Mailing List Archive

[PATCH] ospfd: avoid exhausting memory with OSPF vertices (BZ#476)
This was found in scale testing at OSR; ospfd is adding the same link
over and over again to the SPF tree. This fix prevents the resulting
memory corruption from happening and adds a debug message to track
occurence of this issue and/or confirm a proper fix.

(This version was improved by Scott Feldman over the earlier RFC.)
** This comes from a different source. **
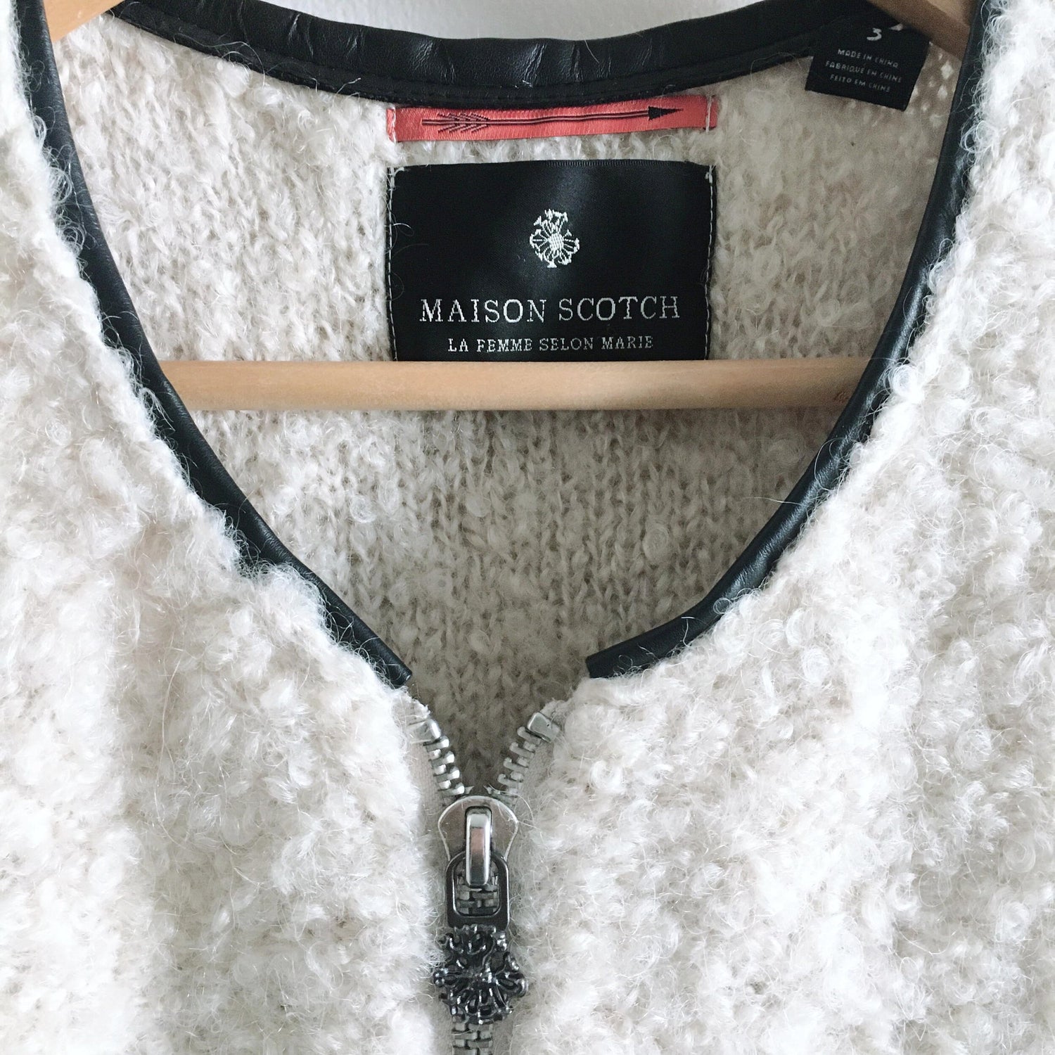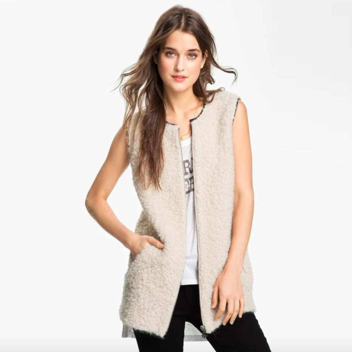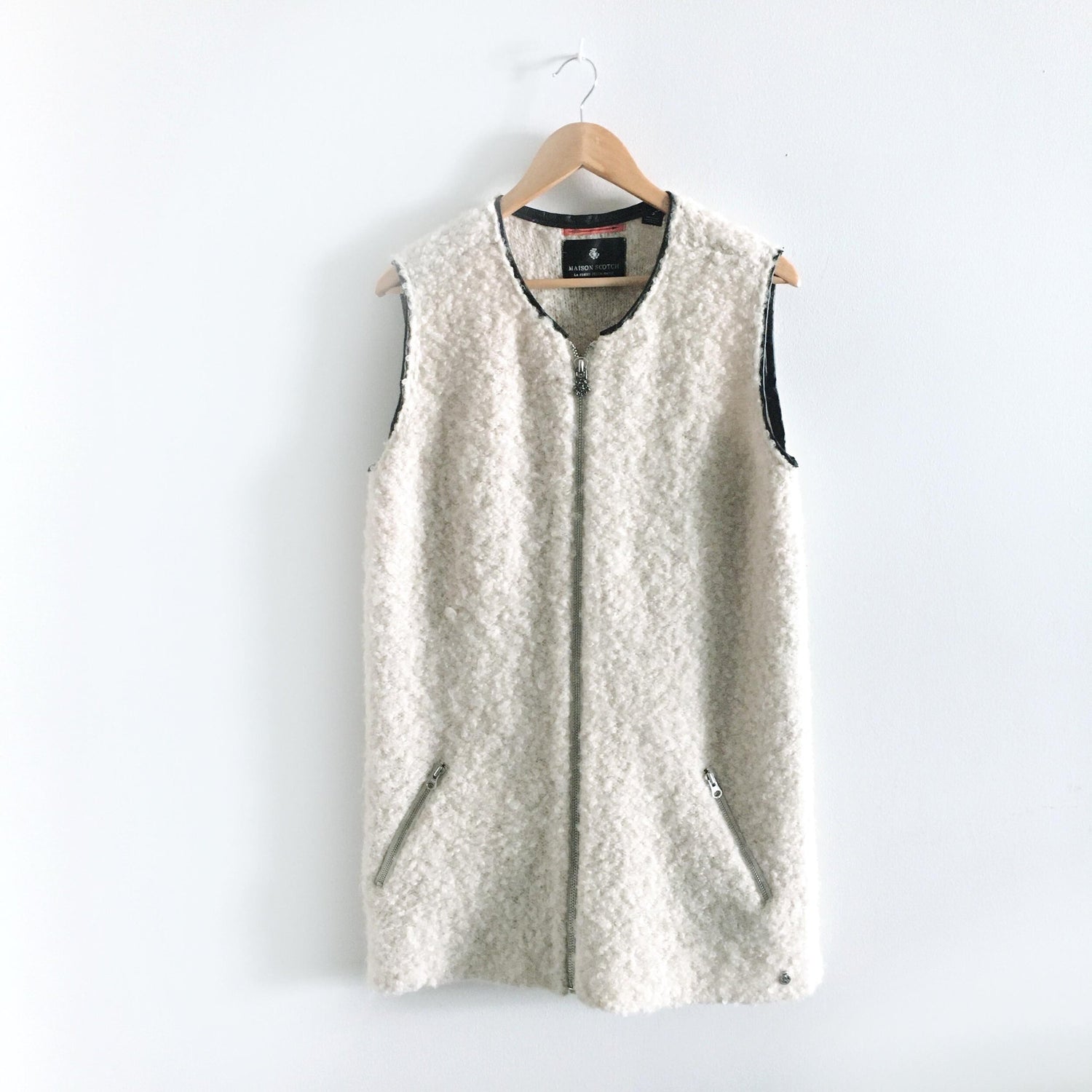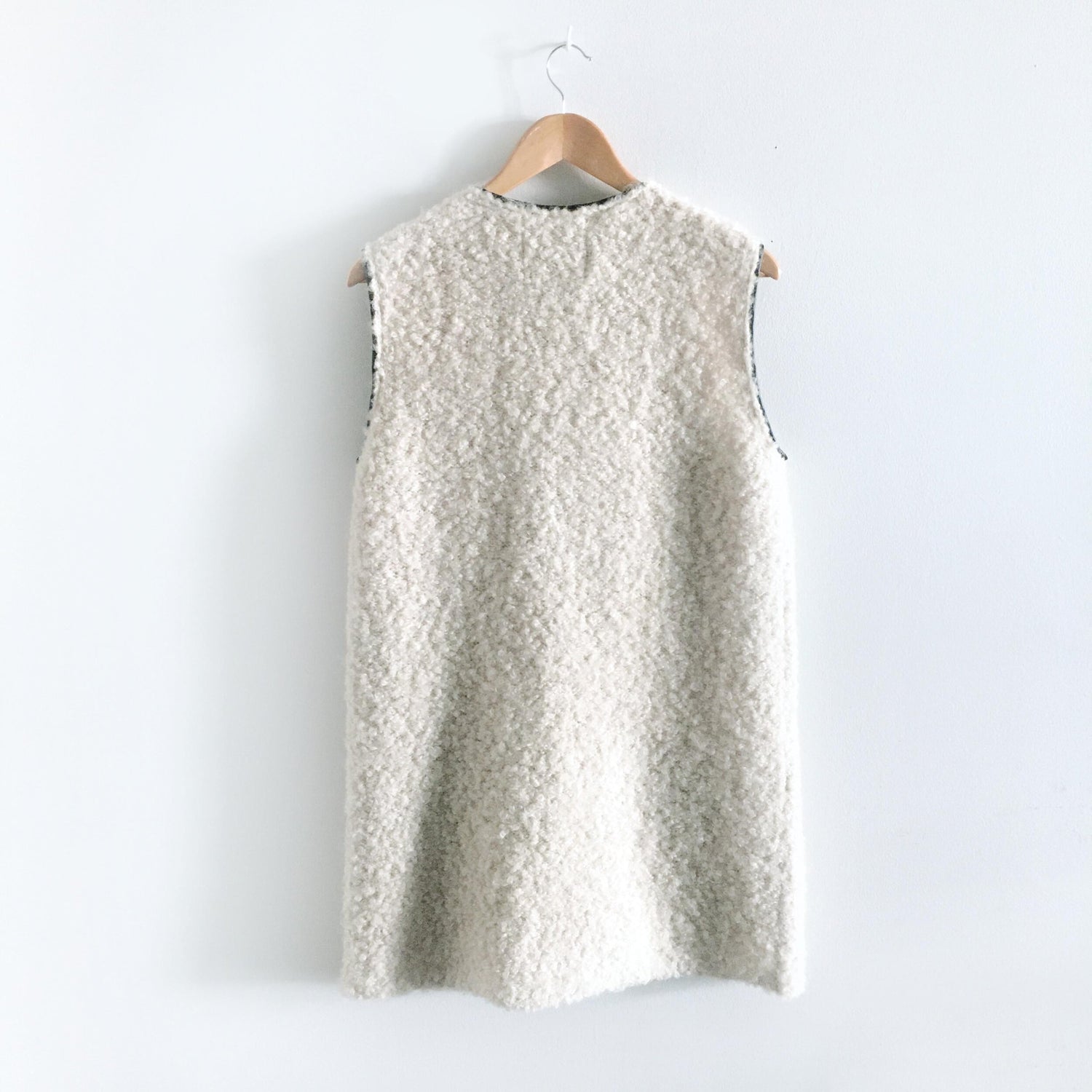 Item Description: A bouclé vest offers the look of chic shearling in a comfortable and cozy knit. Faux leather trim around the neckline and sleeves accentuate the lush look. Wool/Mohair blend.

* ospfd/ospf_spf.c: (ospf_spf_add_parent) loop over existing vertices
and refuse to add duplicates.

Tested-by: Martin Winter <mwinter@opensourcerouting.org>
Signed-off-by: Scott Feldman <sfeldma@cumulusnetworks.com>
Signed-off-by: David Lamparter <equinox@opensourcerouting.org>
---
ospfd/ospf_spf.c | 17 +++++++++++++++--
1 files changed, 15 insertions(+), 2 deletions(-)

diff --git a/ospfd/ospf_spf.c b/ospfd/ospf_spf.c
index d7f9ba2..974875e 100644
--- a/ospfd/ospf_spf.c
+++ b/ospfd/ospf_spf.c
@@ -422,7 +422,8 @@ ospf_spf_add_parent (struct vertex *v, struct vertex *w,
struct vertex_nexthop *newhop,
unsigned int distance)
{
- struct vertex_parent *vp;
+ struct vertex_parent *vp, *wp;
+ struct listnode *node;

/* we must have a newhop, and a distance */
assert (v && w && newhop);
@@ -456,7 +457,19 @@ ospf_spf_add_parent (struct vertex *v, struct vertex *w,
w->distance = distance;
}

- /* new parent is <= existing parents, add it to parent list */
+ /* new parent is <= existing parents, add it to parent list (if nexthop
+ * not on parent list)
+ */
+ for (ALL_LIST_ELEMENTS_RO(w->parents, node, wp))
+ {
+ if (memcmp(newhop, wp->nexthop, sizeof(*newhop)) == 0)
+ {
+ if (IS_DEBUG_OSPF_EVENT)
+ zlog_debug ("%s: ... nexthop already on parent list, skipping add", __func__);
+ return;
+ }
+ }
+
vp = vertex_parent_new (v, ospf_lsa_has_link (w->lsa, v->lsa), newhop);
listnode_add (w->parents, vp);

--
1.7.8.6

_______________________________________________
Quagga-dev mailing list
Quagga-dev@lists.quagga.net
http://lists.quagga.net/mailman/listinfo/quagga-dev
Re: [PATCH] ospfd: avoid exhausting memory with OSPF vertices (BZ#476) [ In reply to ]
On Wed, 25 Jul 2012, David Lamparter wrote:

> This was found in scale testing at OSR; ospfd is adding the same link
> over and over again to the SPF tree. This fix prevents the resulting
> memory corruption from happening and adds a debug message to track
> occurence of this issue and/or confirm a proper fix.

So not a fix, but a hack to make the problem go away, until a fix is
found? :)

It'd be really good to document a topology that causes this "add same link
forever" problem to occur. I.e. in terms of the router and network LSA
content. Ideally, to find a very simple topology that triggers this.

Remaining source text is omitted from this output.